ITENOS und Stiftung Hensoltshöhe analysierten zunächst den Bestand vor Ort. Man erkannte schnell, dass es unverhältnismäßig viel Aufwand wäre, alle Türen mit Strom zu versorgen, auch an den Brandschutztüren wollte man baulich keine Änderungen vornehmen. Also ersann man gemeinsam ein abgestuftes Konzept aus Online- und Offline-Lesern: Etwa ein Dutzend Außentüren des Mutterhauses wurden mit Online-Lesern versehen. Das bedeutet, dass bei jedem Zutritt die Tür auf dem zentralen Server abfragt, ob der Dongle zutrittsberechtigt ist. Änderungen an den Zutrittsberechtigungen sind hier binnen Sekunden wirksam, außerdem werden alle Zutritte dokumentiert.

Ein großer Vorteil der Lösung ist, dass die Online-Leser an diesen Türen den Dongle nicht nur lesen, sondern auch beschreiben. Sie vergeben bei jedem Kontakt auch die Berechtigungen für die Offline-Türen im Gebäudeinnern. Rudolf Haller: „Das zentrale Programmieren der Dongle kann entfallen, was eine große Erleichterung darstellt“.

Im Innenbereich kommen Offline-Leser zum Einsatz. Bei den Brandschutztüren hat man dazu einfach die alten Zylinder durch neue elektrische Zylinder ersetzt, der neue größere Knauf ist hier auch eine ergonomische Verbesserung – gerade bei diesen schweren Türen ein klarer Vorteil, sagt Haller. An gewöhnlichen Türen wurde der Türgriff durch ein elektronisches Pendant mit Dongle-Leser ersetzt, die Wände konnten hier unberührt bleiben. Und wo bereits Fluchtwegeterminals installiert waren, konnte man Unterputz-Leser einsetzen, die sich optisch harmonisch in das alte System einfügen. Haller: „Die gesamte Hardware der neuen Lösung ließ sich unauffällig in die bestehende Hardware integrieren.“

Im Diakonissen-Mutterhaus freut man sich über weitere Vorzüge der neuen Lösung: Wenn im alten System eine Batterie in einem Lesegerät leer war, ließ sich eine Tür nicht mehr öffnen. Heute bekommt der Dongle bei jedem Zutritt eine Information über den Ladezustand der Batterie. Ist er kritisch, erfolgt eine automatische Meldung an das System.

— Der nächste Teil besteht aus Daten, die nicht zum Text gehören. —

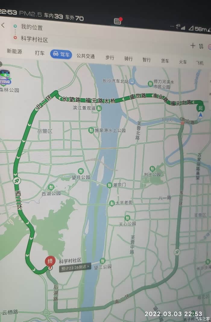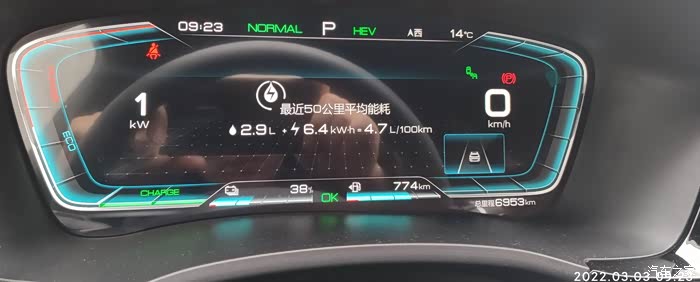 2022-03-03,早上上班,HEV模式,燃油消耗=出发油量800-774=26KM,出发电量-到达电量 45%-38%=7% , 到达总里程-出发总里程6953-6936=17KM,到达和出发的HEV里程一样都是3863-3854=9KM,早上出大拍HEV历程后走了4分钟到河边才记起拍下总里程,全程应该也是20KM左右,有一段路比较堵车,换道超车激烈驾驶比较多,气温14度,空调设置21度,跑了一段发现空调自动开了压缩机,不知道是啥情况,综合油耗4.7。
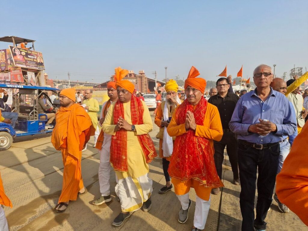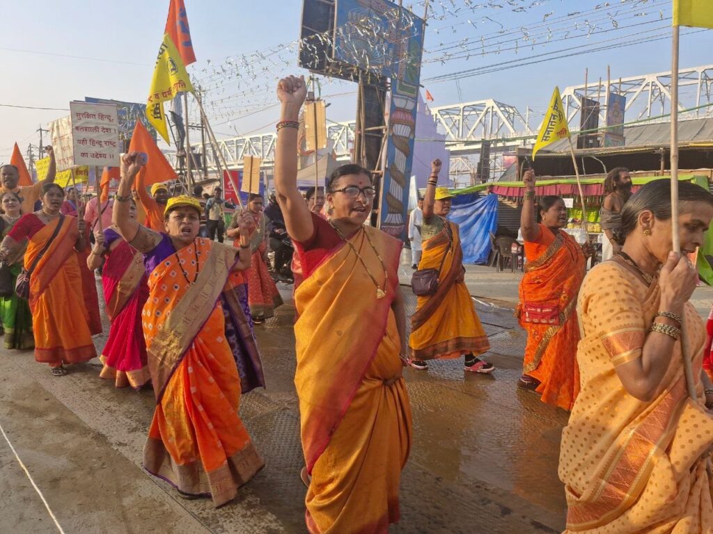 प्रयागराज – अयोध्या येथे भव्य श्रीराम मंदिरात श्रीरामलल्लाच्या प्राणप्रतिष्ठेला २२ जानेवारी २०२५ रोजी एक वर्ष पूर्ण झाले आहे. या शुभप्रसंगी हिंदु जनजागृती समितीच्या वतीने कुंभक्षेत्रात भव्य ‘हिंदु एकता पदयात्रा’ काढण्यात आली. महाकुंभ क्षेत्रातून विश्वकल्याणकारी रामराज्य अर्थात् हिंदु राष्ट्र स्थापनेचा आवाज बुलंद करण्यासाठी या पदयात्रेद्वारे संदेश देण्यात आला. या पदयात्रेत हिंदु राष्ट्र स्थापनेचे प्रेरणास्त्रोत आणि सनातन संस्थेचे संस्थापक सच्चिदानंद परब्रह्म डॉ. जयंत बाळाजी आठवले यांच्या आध्यात्मिक उत्तराधिकारी श्रीसत्शक्ति (सौ.) बिंदा सिंगबाळ तथा श्रीसत्शक्ति (सौ.) अंजली गाडगीळ, हिंदु जनजागृती समितीचे राष्ट्रीय मार्गदर्शक सद्गुरु (डॉ.) चारुदत्त पिंगळे, आणि हिंदु जनजागृती समितीचे उत्तर-पूर्व भारताचे मार्गदर्शक सद्गुरु नीलेश सिंगबाळ यांची वंदनीय उपस्थिती होती. तसेच आध्यात्मिक संस्था, हिंदू संघटना, अलाहाबाद उच्च न्यायालयाचे अधिवक्ता, हिंदुत्वनिष्ठ आणि भाविक सहभागी मोठ्या संख्येने झाले होते.
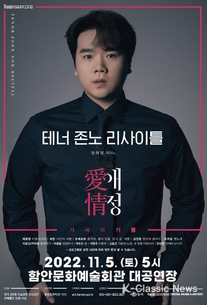 K-Classic News 최지나 기자 | 함안문화예술회관에서는 ‘테너 존노 리사이틀’ 공연을 5일 오후 5시 함안문화예술회관 대공연장에서 선보인다고 밝혔다.
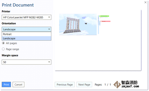 方向:默認(rèn)選擇是“橫向”,因?yàn)檫@可能是查看文檔和邊距區(qū)域中全部代碼的理想選擇
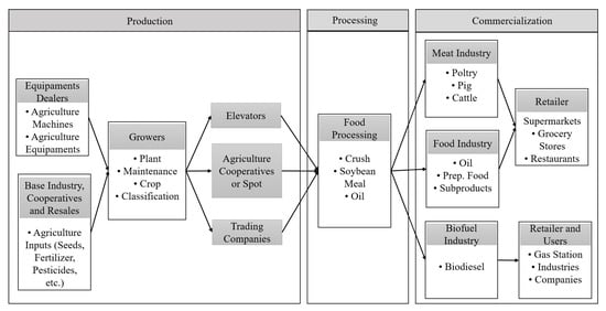 This market has huge significance for exporters. The Brazilian revenue for exports of this product in 2017/2018 was approximately US$ 25.7 billion, representing 13.75% of the country’s GDP [29,30]. The soybean supply chain is presented in Figure 2.
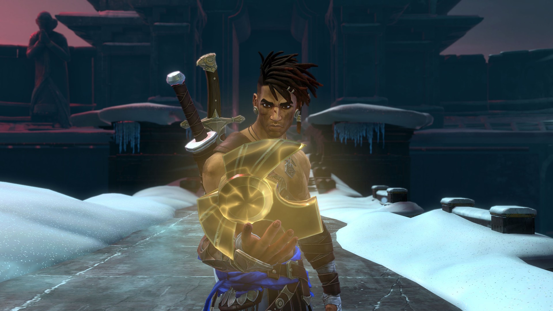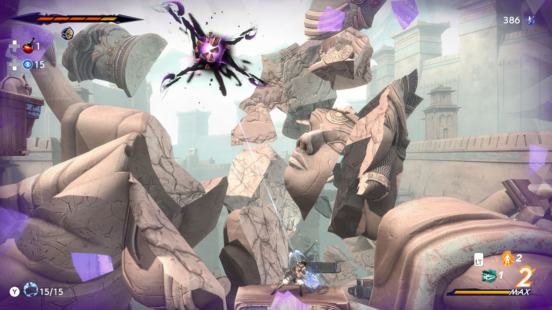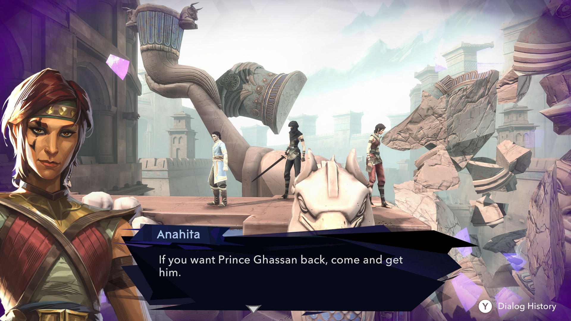 Show the mapSargon spotted Anahita and Ghassan at the top of the colossal statue that once towered over the ancient city. The statue was destroyed when Time shattered. The frozen fragments slow down Sargon's progress.
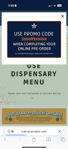 Ā Ā Ā Read moreIāve been going to this location for a while and the last transaction i believe they forgot to give me my medical discount and then I was mistaken because I didnāt realize I was getting charged extra fees so I brought that up but they explained to me that the balance was correct. Just a little misunderstanding not a big deal at all. One of the ladies behind the desk tells the worker who was taking my order to count her bills for my transaction⦠I was using a debit card. It was just really rude that she was trying to make it out like I was trying to pull over something on them. Besides this issue they offer $100 for your first visit or atleast this is what the website says. When you get to the store they act like they have no idea about the deal even though I have a screen shot and have shown them before. I had one worker explain to me that it is only for medical patients at medical dispensaries but it doesnāt say that on the website and I feel itās super misleading. I wanted to go to nuEra the first time because I saw they had that deal. It was a very big let down to say the least, bordering on feeling like false advertisement. Besides these issues I brought up the workers are super friendly and do a great job with helping you. Ultimately I just wish they made good on their offer that they still have on their website to this day. At most other dispensaries they would have just took the loss to make it their customer happy, especially in a case like this when there is...

Die Berechtigungen auf einem Dongle verfallen nach einer einstellbaren Zeit. Sollte es also jemandem gelingen, ohne Online-Leser ins Haus zu kommen, stehen ihm die Offline-Türen nur innerhalb dieser Zeit offen. Haller: „Ein Zusatzplus an Sicherheit.“ Und auch, dass die Aufzüge nur jene Stockwerke ansteuern, die auf dem Dongle zugelassen sind, schätzt der Haustechnikleiter sehr. So bleibe etwa im Wohnbereich Privatsphäre gewahrt.

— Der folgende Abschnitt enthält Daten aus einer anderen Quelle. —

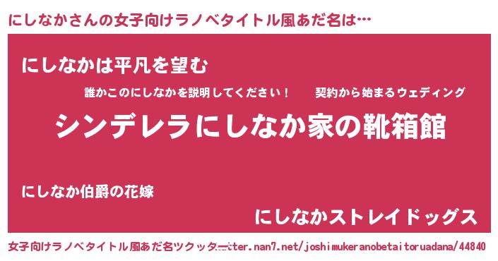 | 意味不明あだ名 | 『とにかく怪しいにしなか』 |
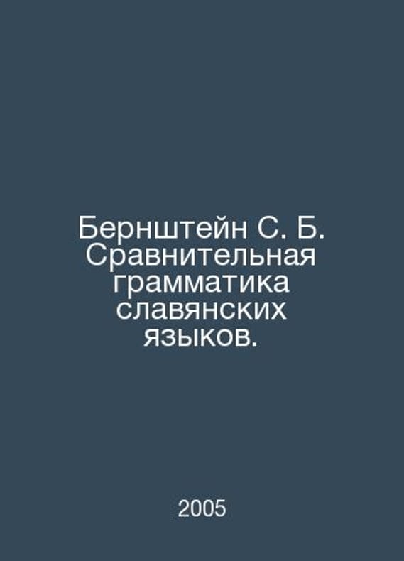Bernstein S. B. Comparative Grammar of Slavic Languages. In Russian /Bernshteyn S. B. Sravnitelnaya grammatika slavyanskikh yazykov. Moscow Publishing House 2005.. Contact us for details or to request photos of available books. SKUalb73dadcb974e489d0.
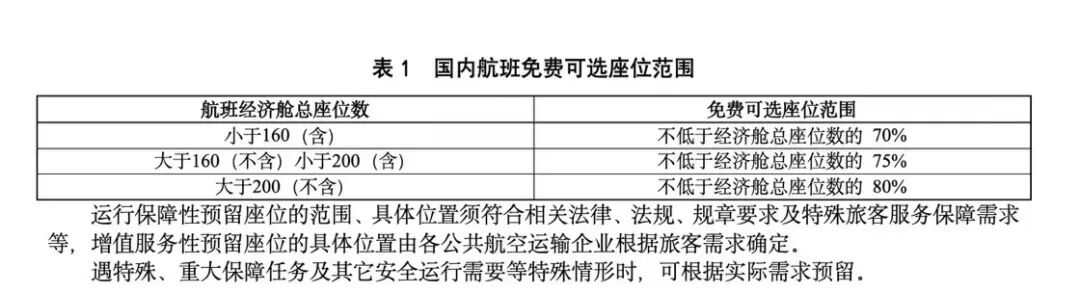 《公共航空运输企业航班预留座位规则(征求意见稿)》对国内航班免费可选座位比例做出规定。
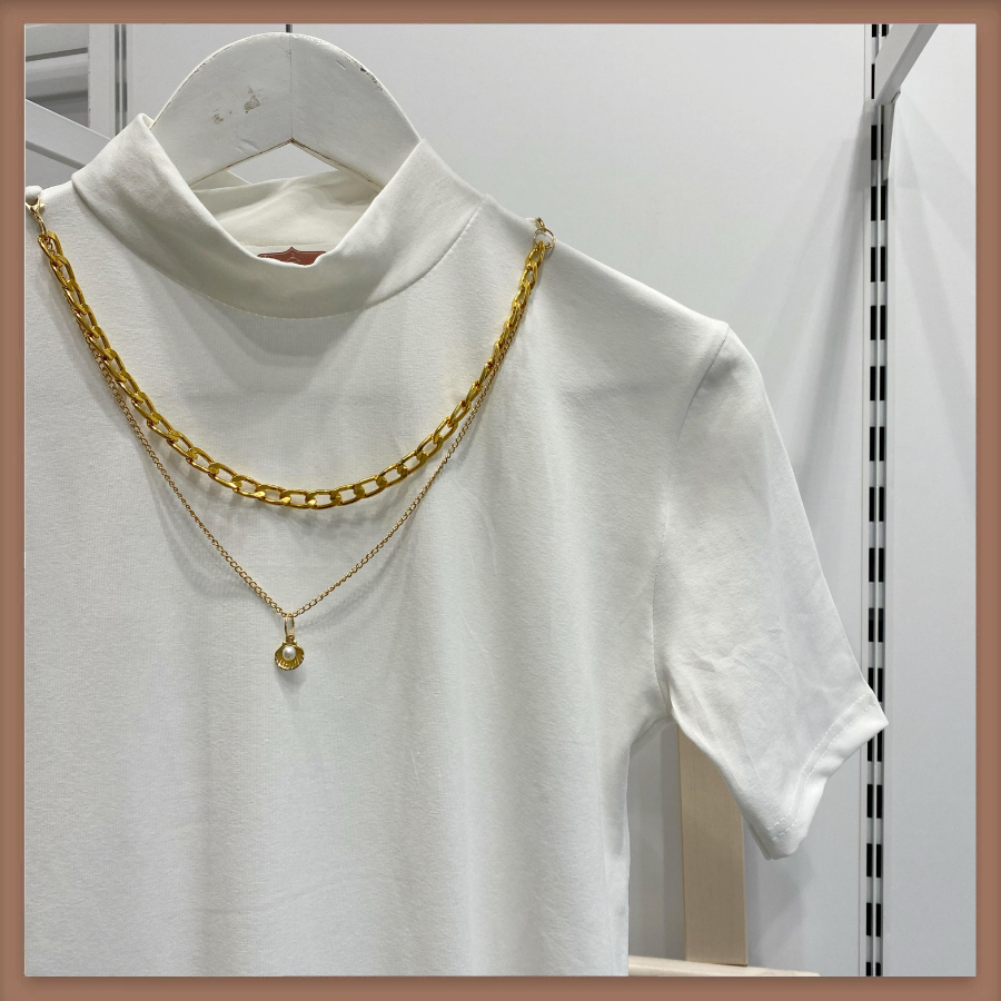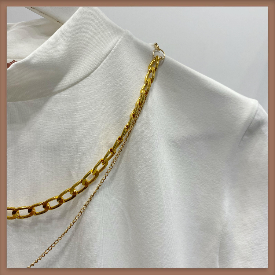 Kolye Detaylı Ekru Kısa Kollu T-Shirt

Geht ein Dongle verloren, kann ihn Haller schnell in der „übersichtlichen Software“ sperren. Wird er aber wiedergefunden, kann er ihn wieder entsperren, es muss also nicht jedes Mal ein neuer Dongle gekauft werden.

Rudolf Haller fühlte sich in dem dreimonatigen Projekt von ITENOS sehr gut betreut. Planung, Konzepterstellung und -umsetzung liefen reibungslos. Und auch nach dem Projektabschluss steht ihm ein dedizierter Ansprechpartner jederzeit für Rückfragen zur Verfügung. Besonders beruhigend findet er es auch, dass sich ITENOS online auf das System zuschalten und ihn bei Bedarf bei der Administration des Systems unterstützen kann.

Zufrieden sind übrigens auch die Nutzer der Lösung. Nach einer umfänglichen Übergangszeit mit zwei unterschiedlichen Zutrittslösungen sind die Schwestern des Mutterhauses heute im Umgang mit dem neuen Online-Offline-System vertraut. Gut möglich, so Rudolf Haller, dass auch weitere Häuser der Stiftung Hensoltshöhe ein Upgrade in Sachen Zutritt bekommen.